The lipidomics and metabolomics data clustered into three main groups (vertical view, color coded, Figure 2A). A cluster consisting of 89 nodes (75 lipids and 14 metabolites, left, green) associated positively with adiposity and inversely with most of the other variables. SM and PC species made up most of this cluster (40 and 37%, respectively), while TAGs were not represented. Four ceramide species were included in this cluster, all containing long chain fatty acids (FAs, ≥24 carbons). A small cluster consisting of 28 nodes (24 lipids and 4 metabolites, middle, orange, Figure 2A) correlated positively with adipose tissue IR and basal EGP and inversely with most of the other clinical variables. PC and LPC species made up most of the cluster (orange, 46 and 36%, respectively), while TAGs and SM were not represented. A single ceramide, Cer(d18:2_24:0) was included in this cluster.

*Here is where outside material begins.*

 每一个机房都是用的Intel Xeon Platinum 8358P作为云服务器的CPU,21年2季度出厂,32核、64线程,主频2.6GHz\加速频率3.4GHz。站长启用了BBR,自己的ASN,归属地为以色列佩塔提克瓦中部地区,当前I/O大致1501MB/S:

Lastly, a cluster of 90 nodes (80 lipids and 10 metabolites, right, blue, Figure 2A) correlated inversely with adiposity and positively with IR phenotypes, C-peptide AUC, liver and visceral fat. 77% of the cluster was made up of TAGs. Most of the TAGs contained saturated and monounsaturated FA with less than 20 carbons (Figure 2B). DAGs made up 4% of this cluster and were not represented in any of the other clusters.

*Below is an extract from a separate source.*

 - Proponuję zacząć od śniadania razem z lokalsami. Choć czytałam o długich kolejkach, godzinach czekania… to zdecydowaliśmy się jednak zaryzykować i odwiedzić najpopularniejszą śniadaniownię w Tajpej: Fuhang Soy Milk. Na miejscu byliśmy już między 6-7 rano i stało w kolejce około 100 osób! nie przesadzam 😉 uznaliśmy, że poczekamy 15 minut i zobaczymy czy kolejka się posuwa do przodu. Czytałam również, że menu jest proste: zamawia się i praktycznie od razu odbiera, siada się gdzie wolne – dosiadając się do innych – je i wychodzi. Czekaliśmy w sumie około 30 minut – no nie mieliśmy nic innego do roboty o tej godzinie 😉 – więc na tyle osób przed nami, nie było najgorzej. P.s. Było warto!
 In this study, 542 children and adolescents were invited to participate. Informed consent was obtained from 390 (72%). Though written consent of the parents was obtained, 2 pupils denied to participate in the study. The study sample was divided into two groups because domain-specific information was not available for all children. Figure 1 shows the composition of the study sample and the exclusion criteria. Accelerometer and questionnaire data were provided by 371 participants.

3.4. Metabolomics Correlates of Clinical Phenotypes of Obesity
Twenty-five of 143 metabolites correlated significantly with one or more of the phenotypes (Figure 3). Most of the metabolites correlated with more than one IR phenotype (muscle, liver and adipose tissue).
Positive correlations were observed between muscle IR and cholesteryl sulfate, cytidine and 2-ketohexanoic acid, and GABA, guanidinoacetic acid, 3-deaazadenosine, citrate, anandamide (AEA), and arachidonic acid were inversely associated with muscle IR (Figure 3A). Liver IR correlated positively with phosphocholine and inversely with arachidonic acid, tryptophan, cAMP and 3-deaazadenosine (Figure 3B). Malonate and 3-hydroxybutyrate were inversely associated with basal EGP (Figure 3C). HOMA-IR correlated positively with aconitate and inversely with guanidinoacetic acid, 3-deaazadenosine, spermine and cysteine (Figure 3D). Adipose tissue IR correlated positively with 2-ketohexanoic acid, hydroxy-isocaproic acid (HICA), phenylpyruvate and cholesteryl sulfate and inversely with 3-hydroxybutyrate, guanidinoacetic acid and malonate (Figure 3E). Total body fat mass correlated positively with guanidinoacetic acid and inversely with 2-ketohexanoic acid, HICA, phenyllactic acid, cholesteryl sulfate and phenylpyruvate (Figure 3F). Visceral fat correlated positively with cholesteryl sulfate, while subcutaneous fat correlated positively with guanidinoacetic acid (Figure 3G,H). Liver fat correlated positively with homogentisate (Figure 3I). Fasting glucose correlated positively with glyceraldehyde (Figure 3J), and the OGTT derived variables 2-h glucose correlated inversely with succinate (Figure 3K), while the AUC of insulin correlated inversely with 2-hydroxy-2-methylbutyric acid and guanidinoacetic acid (Figure 3L). None of the metabolites correlated significantly with BMI, waist, HbA1c, or with the OGTT variables 1-h glucose, AUC glucose and AUC C-peptide.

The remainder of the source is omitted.